2021's The Suicide Squad also has a soundtrack that includes popular radio hits, but they are used sparingly and appropriately. The film starts with Johnny Cash's Folsom Prison Blues because the scene takes place in a prison, whereas Ayer's Suicide Squad ends with Bohemian Rhapsody's a popular song? There is also something to be said about the sheer iconic status of the songs being used. Fortunate Son, Without Me, Black Skinhead, Bohemian Rhapsody, and House of the Rising Son, are all songs that could be the musical centerpiece of any movie, but when they're all crammed in together, it cheapens them.

The Suicide Squad has an embellished soundtrack but with much more subdued hits like Pixies' "Hey," Just a Gigolo, and the Fratelli's Whistle for the Choir. The film puts much more of an emphasis on its original score by John Murphy rather than its collection of pop hits.

When it comes to any movie, I'm someone who pays a lot of attention to the music and it was nice to see all of the improvements made in Gunn's film compared to its predecessor.

There is a laundry list worth of improvements made from Suicide Squad to The Suicide Squad, however the most significant yet is their depictions of Harley Quinn. It goes without saying that Margot Robbie's numerous performances of Harley Quinn have been fantastic and memorable, but there is quite a stark difference between Ayer and Gunn's films.

In 2016's Suicide Squad, Harley Quinn is the embodiment of "cute but psycho." She's a hot girl with a cutesy, immature sense of humor with an intense bloodlust. Her sole motivation is her relationship with the Joker, and if you know absolutely anything about these characters, you know this relationship is insanely abusive. This rich character is boiled down to nothing but a sex object and its made abundantly clear from things like the script to her costume. I've written about this more in-depth in its own article.

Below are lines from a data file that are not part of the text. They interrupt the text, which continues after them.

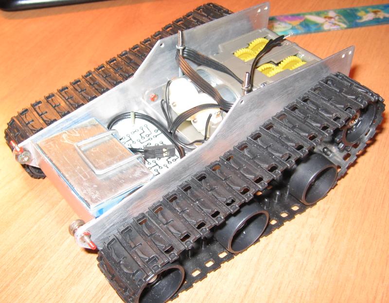 если речь идет о редукторах и модулях - то я ответил. Железо самодельное. Гусеницы от игрушки.
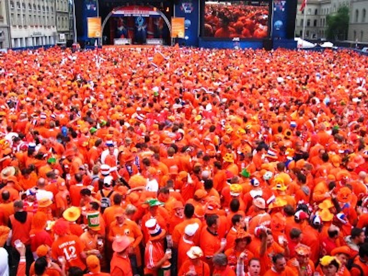 De volgende traditie zou ik eender onder de noemer carnavalsgekte willen catalogeren. De Nederlandse oranjegekte. Wie hiermee begonnen is mag Joost weten, maar blijkbaar weet Joost dus ook niet alles. Bij alle mogelijke traditionele optochten, zoals de circusvertoning op Koning(inne)dag , tooit heel Nederland zich eensgezind in oranje. Heel der straten worden oranje geverfd en sinaasappelkleurige idioten zwaaien zichzelf een tenniselleboog als de Koninklijke poppenkast in een gouden koets voorbij komt rijden. Erger wordt nog de oranjegekte bij voetbalwedstrijden. Hier tooien ze zich met kaasbolhoeden, façon Beatrix, allerhande petten met Hollandse molentjes en hup, Holland hup bustehouders. De oranjemeute gaat, met de Hollandse driekleur op het aangezicht geschilderd, op het oorlogspad. Ze drinken zich het apelazarus, slopen vervolgens na de voetbalnederlaag, bloeddorstig, hele stadscentrums en laten een oranje vernielspoor achter zich. Mogelijk krijgt dit soort tradities stilaan ook voet aan wal in België, want toen de Rode Duivels weer als ‘de Belgische super glue’ opgevoerd werden, scandeerden, riepen, vochten en zopen, een heleboel als duiveltjes verklede en met de Belgische driekleur vol gekliederde Vlamingen en Walen, zich gebroederlijk onder tafel.
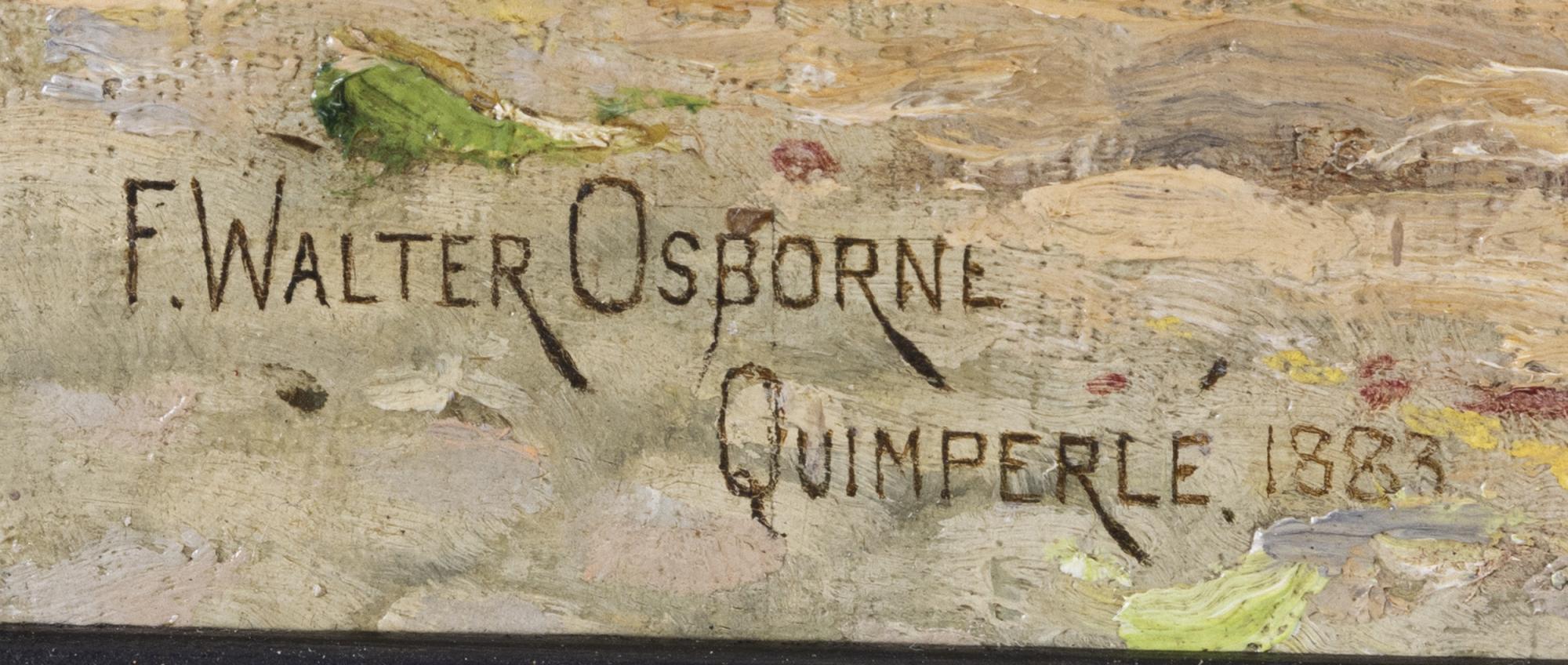 Osborne rarely identified the location of his pictures, so the fact that he inscribed the name of ‘Quimperlé’ on both Early Morning in the Markets, Quimperlé and Apple Gathering indicates the importance which he attached to these paintings. Early Morning in the Markets, Quimperlé was exhibited at the RHA in 1884 and has remained in the same Co Dublin family collection since, or almost since, the artist’s lifetime.
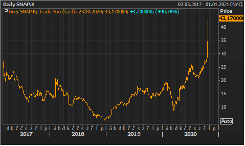 Na rekordní hodnoty vystoupala cena akcií společnosti Snap, která provozuje populární sociální síť Snapchat. Jen za minulý týden si její cenné papíry připsaly 55 procent. Zájem investorů vyvolalo zveřejnění výsledků hospodaření za třetí čtvrtletí. V něm sociální síti přibylo 11 milionů aktivních denních uživatelů, což předčilo očekávání analytiků. Lépe, než se čekalo, dopadly i tržby – ty se meziročně díky příjmům z inzerce zvýšily o 52 procent na 679 milionů dolarů. Hospodaření společnosti Snap je sice nadále ztrátové, ale už ne tolik jako v minulosti. V porovnání se začátkem roku je cena akcií vyšší o 164 procent. Na rekordu jsou mimochodem i akcie další sociální sítě Pinterest – od začátku roku jsou výše dokonce o 184 procent.
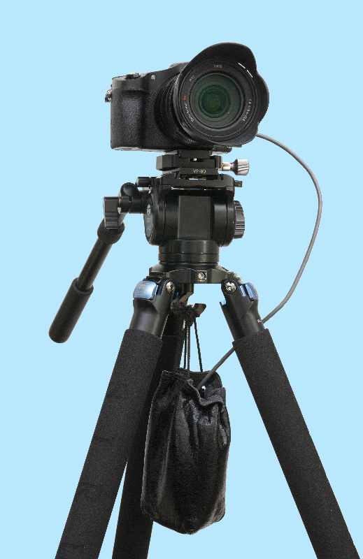Energiesorgen Adé. Die Sony RX10 IV wird von einer Powerbank in einem Beutel am Haken des Stativs mit Strom versorgt.

In the first movie, Harley Quinn's outfit is a ripped up, skin tight t-shirt, stripper heel boots, fishnet tights, sparkly booty shorts, and a jacket that reads "Property of the Joker." I mean, that just says it all doesn't it? The way the camera focuses on her makes the audience feel like we're ogling her. So many of the film's jokes are about how attractive she is. Harley Quinn as a character has been around since the 90's and has had so much development since her first appearance, I'd like to think she's graduated beyond just being eye candy. As far as I know, Margot Robbie had an amazing time shooting Suicide Squad, she was not forced into anything, and she still remains close friends with her fellow cast members. This doesn't change that she was exploited for her looks in this movie. I'm glad to see that her roles since have evolved from her just playing the token hot girl. David Ayer was far from the first person to majorly sexualize Harley Quinn, and he won't be the last.

It's now a common opinion among DC fans that The Suicide Squad did more justice to Harley Quinn's character than the first film did. Her jokes have moved beyond her being a ditsy dumb blonde, her physical and mental prowess are on full display, and the Joker is not mentioned once. Unlike the previous film, where she was seen as an extension of the Joker, she is now her own fully fleshed-out character. In addition to her character, her costumes have also evolved. She has adopted her signature colors of red and black again, her clothes are much less revealing, and her jacket now reads: "live fast, die clown." It was such a joy to watch this character reach her full potential on screen by a director who didn't just use her as a lure for male audience members.

Any comic book material is a difficult and ambitious thing to adapt for the big screen, and any effort to do so is commendable. But let the case of both Suicide Squad films show you how much of a difference it can make when the right director is put in charge and how fans will not be happy with just anything you put in front of them. Perhaps if we allowed other films to be re-done like this with different creative teams, we could end up with great films like The Suicide Squad that bring justice to their source material.